Cai and Sevilir (JFE 2012) find that both first-degree and second-degree board connections significantly correlate with positive 5-day abnormal bidder returns (2.45% and 1.84%). First-degree board connections help enhance the information flow and communication between the bidder and target firms. Second-degree board connections lead to an improvement in industry-adjusted ROA of about 2% in the post-merger period. In comparison to Cai and Sevilir's study of the effect of professional connections on M&A bidder returns, Ishii and Xuan (JFE 2014) study the effect of social ties through school or prior employment on M&A bidder returns. Because better social ties correlate with a high probability that the target-firm executive directors and managers remain in their respective positions post-announcement, the market reacts negatively to the presence of these social ties. The bidder-firm incumbents tend to receive hefty bonuses or some other cash windfalls for completing M&A deals through their social ties with the target-firm executive directors and managers. These empirical studies provide complementary evidence in light of the different effects of professional connections versus social ties on M&A bidder returns.

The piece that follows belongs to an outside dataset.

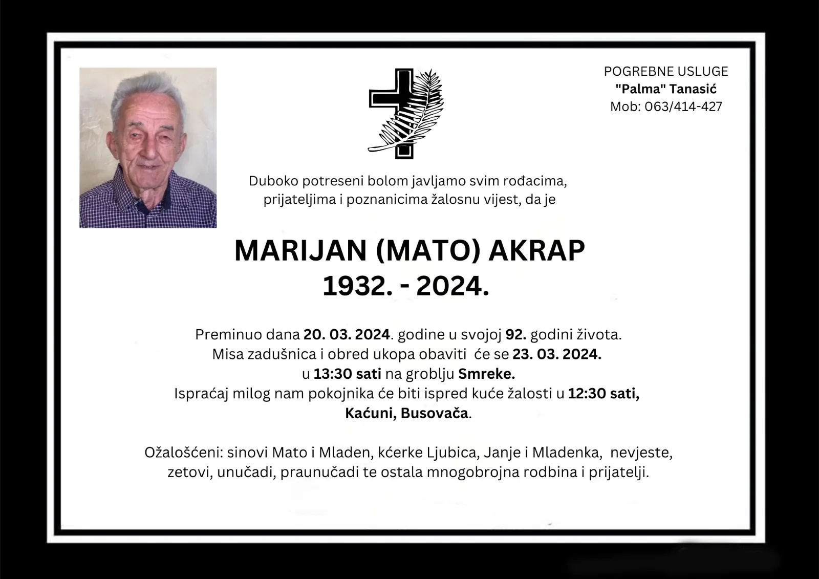 Duboko potreseni bolom javljamo svim rođacima, prijateljima i poznanicima žalosnu vijest, da je MARIJAN (MATO) AKRAP preminuo dana 20. 03. 2024. godine u svojoj 92. godini života.

Deng, Kang, and Low (JFE 2013) apply 2SLS regressions to address the potential endogeneity of bidder CSR performance and merger performance. The religion rank of the state of the bidder's headquarters, and the blue-state dummy variable, serve as relevant and exclusive instrumental variables for these 2SLS regressions. These instruments correlate with the bidder's CSR engagement but not the merger outcome variables such as bidder stock return performance and merger default likelihood. The use of several control variables for product market competition, corporate governance, and managerial compensation accords with the prior corporate finance literature (e.g. Masulis, Wang, and Xie (JF 2007); Edmans, Gabaix, and Landier (RFS 2009); Harford, Humphery-Jenner, and Powell (JFE 2012)). High-CSR bidders yield higher abnormal bidder returns around deal announcements, higher bidder-target portfolio returns around deal announcements, and greater increases in long-run operating performance post-announcement. The bidder's CSR performance is a major positive determinant of both bidder stock return performance and merger success likelihood.